Having already driven one on the open road at the motorsport endurance race Mille Miglia in 2013 and 2014, David Gandy’s desire to own a classic Jaguar XK120 of his own led to the British male model approaching the experts at Jaguar Classic to see what he could do. Presenting a brief to have the vehicle both road and race ready (for events such as the Jaguar Classic Challenge), Gandy worked closely and collaboratively with the team at Jaguar’s Classic Works facility in Warwickshire, spending the last 11 months refining the car of his dreams.
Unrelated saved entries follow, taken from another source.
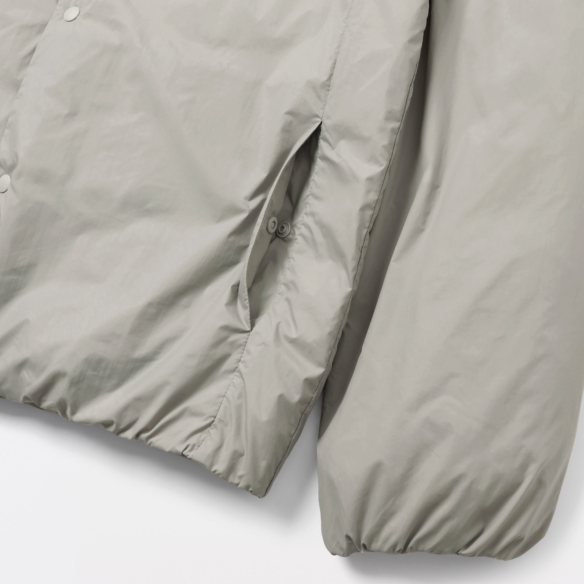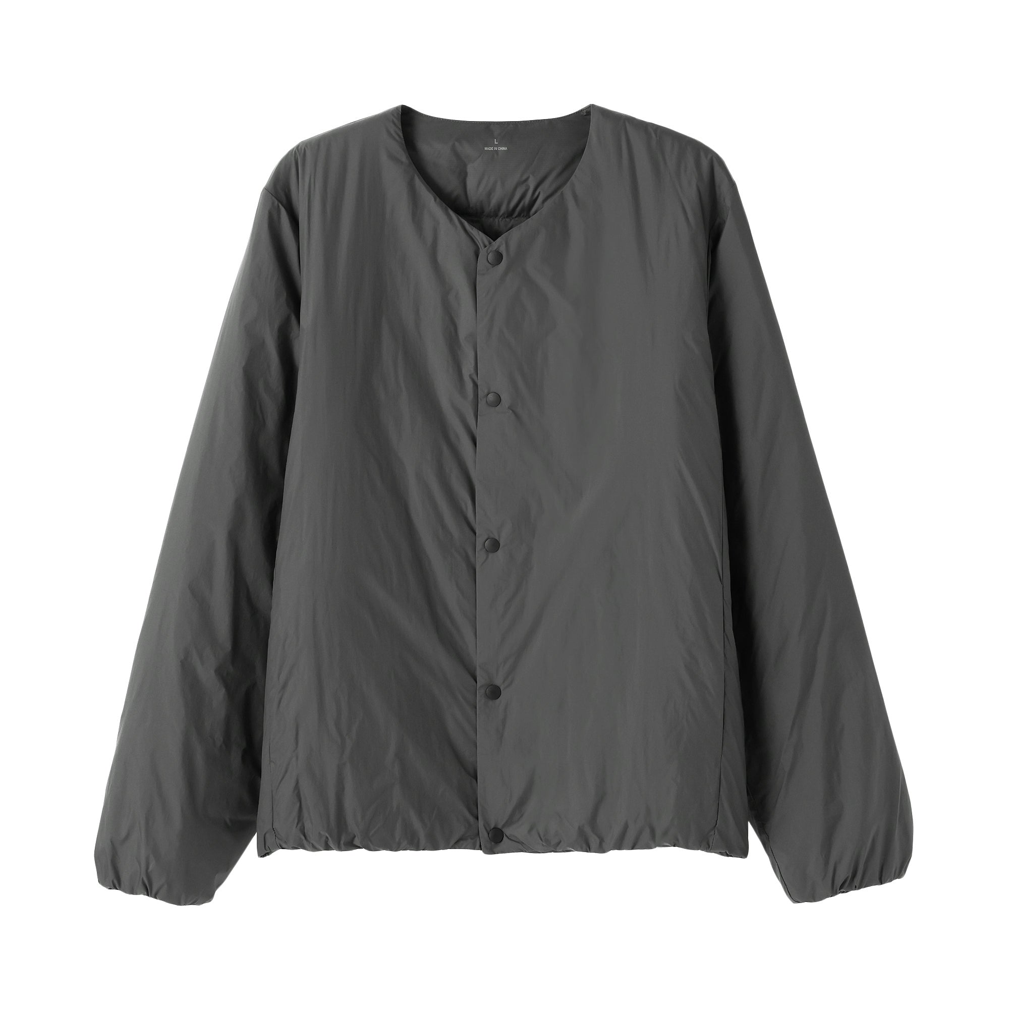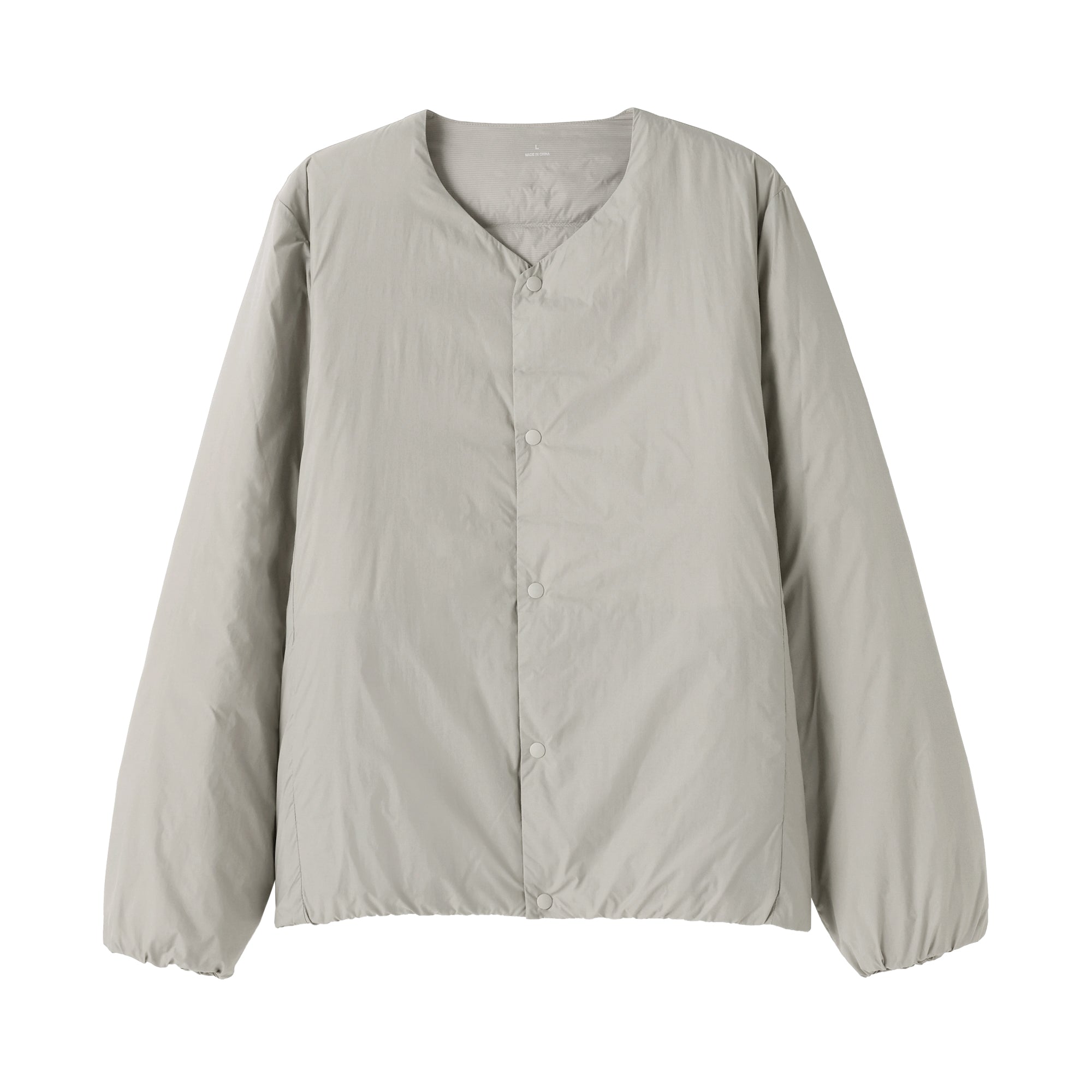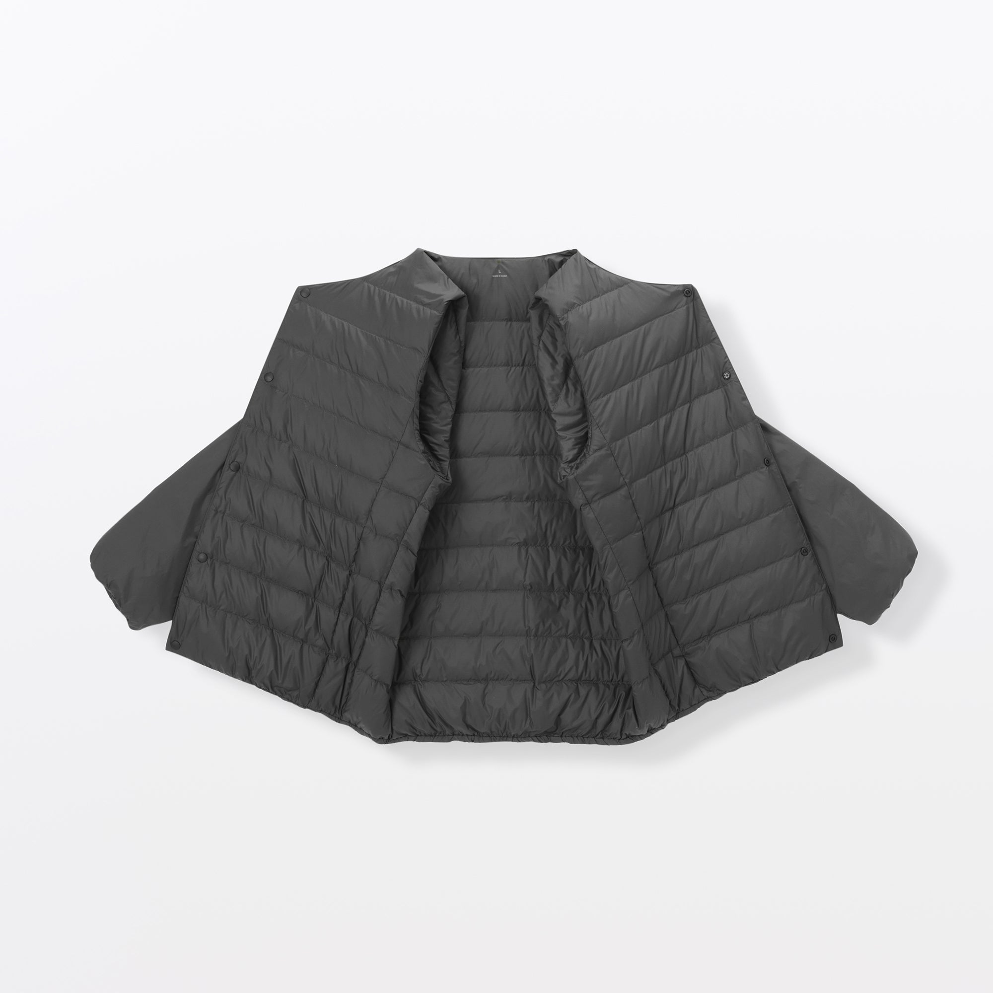 A men’s lightweight down collarless jacket made with recycled nylon fabric and fill power 750 down. Designed to be foldable and easy to carry. Thick and light enough to be layered in the winter.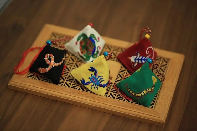 在端午节期间,人们还会佩香囊来驱邪避疫。香囊是用各种中草药制成的,具有独特的香味和药用价值。在躲端午的习俗中,人们会在家中制作香囊,以驱赶五毒和其他害虫。同时,人们还会将香囊佩戴在身上或放在家中,以祈求平安和健康。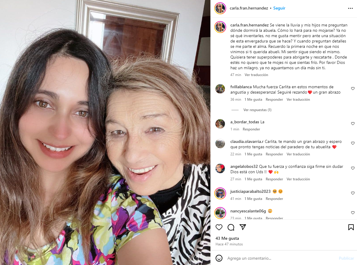 A varios días de la emergencia y sin obtener ninguna pista significativa que pueda dar con su paradero, Carla aseguró que "recuerdo la primera noche en que nos vinimos sin ti querida abueli. Mi sentir sigue siendo el mismo".

For starters, the dedicated Jaguar team managed to track down a suitable 1954 base car in California, in an effort to retain as much of the original, classic appeal as possible, before getting to work on the technical elements. Achieving the racing brief by enhancing the six-cylinder unit from the original 180bhp output to 225bhp, Jaguar used steel bracing for the core plugs to keep everything in place during high-performance driving, while fitting the all-new exhaust system with dual pipes instead of the usual one.

The car’s gearbox is, of course, catered to racing, with faster-shifting capabilities, and brakes that have been uprated — disc brakes with four-pot callipers in the front and original refurbished drum brakes in the rear. Able to be fine-tuned for specific events, the suspension features fully adjustable dampers, too.

The design phase is where Gandy stepped in, working with the team every step of the way. Finished in 13 litres and four coats of paint, the car’s exterior is rendered in solid black and has had a number of sleek features added, including a racing-inspired flip-top fuel cap. The interior, just as unique, is finished in an Aged Saddle tan leather and, in keeping with the retro aesthetic, the seats feature a bespoke lattice design with aluminium seatbacks.

In order to increase the comfortability of the compact automobile for the 6ft 2 Gandy, Jaguar made a couple of adjustments. The battery, which there would usually be two of, both situated behind the driver’s seat, was instead compacted into one unit and placed behind the passenger’s seat while the steering wheel was fashioned to be smaller than normal.

“…The team at Jaguar Classic have done such a remarkable job engineering this car and executing everything that I asked for,” says Gandy, “it was amazing to have such an in-depth involvement in its creation.” The process of developing this incredible car showcases the expertise, superior skill and craftsmanship that Jaguar offers all of its customers. Head of Jaguar Classic Calum McKechnie explains, “…not only were we able to bring this iconic sports car back to life mechanically but the attention to detail and the bespoke design of the interior sets David’s car apart.”